--- START ---

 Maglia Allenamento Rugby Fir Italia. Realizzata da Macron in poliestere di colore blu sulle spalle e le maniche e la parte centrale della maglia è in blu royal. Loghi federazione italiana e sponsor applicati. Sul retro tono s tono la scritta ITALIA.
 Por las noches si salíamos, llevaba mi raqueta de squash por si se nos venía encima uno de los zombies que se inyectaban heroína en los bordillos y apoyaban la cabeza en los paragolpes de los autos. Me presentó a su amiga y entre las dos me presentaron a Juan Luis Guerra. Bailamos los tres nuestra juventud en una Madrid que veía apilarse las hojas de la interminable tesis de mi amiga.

--- END ---
--- START ---

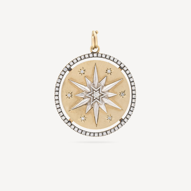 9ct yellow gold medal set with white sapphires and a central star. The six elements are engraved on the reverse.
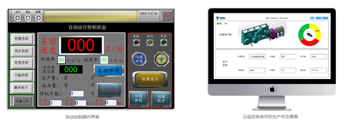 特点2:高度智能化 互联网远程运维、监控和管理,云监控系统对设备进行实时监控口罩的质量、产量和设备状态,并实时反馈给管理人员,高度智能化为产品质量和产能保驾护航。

--- END ---

_Your assignment:_ Give only the lines from the one holding "Maglia Allenamento Rugby" through the one holding "Por las noches", each restated exactly as it appears above.

_Exercise output:_
 Maglia Allenamento Rugby Fir Italia. Realizzata da Macron in poliestere di colore blu sulle spalle e le maniche e la parte centrale della maglia è in blu royal. Loghi federazione italiana e sponsor applicati. Sul retro tono s tono la scritta ITALIA.
 Por las noches si salíamos, llevaba mi raqueta de squash por si se nos venía encima uno de los zombies que se inyectaban heroína en los bordillos y apoyaban la cabeza en los paragolpes de los autos. Me presentó a su amiga y entre las dos me presentaron a Juan Luis Guerra. Bailamos los tres nuestra juventud en una Madrid que veía apilarse las hojas de la interminable tesis de mi amiga.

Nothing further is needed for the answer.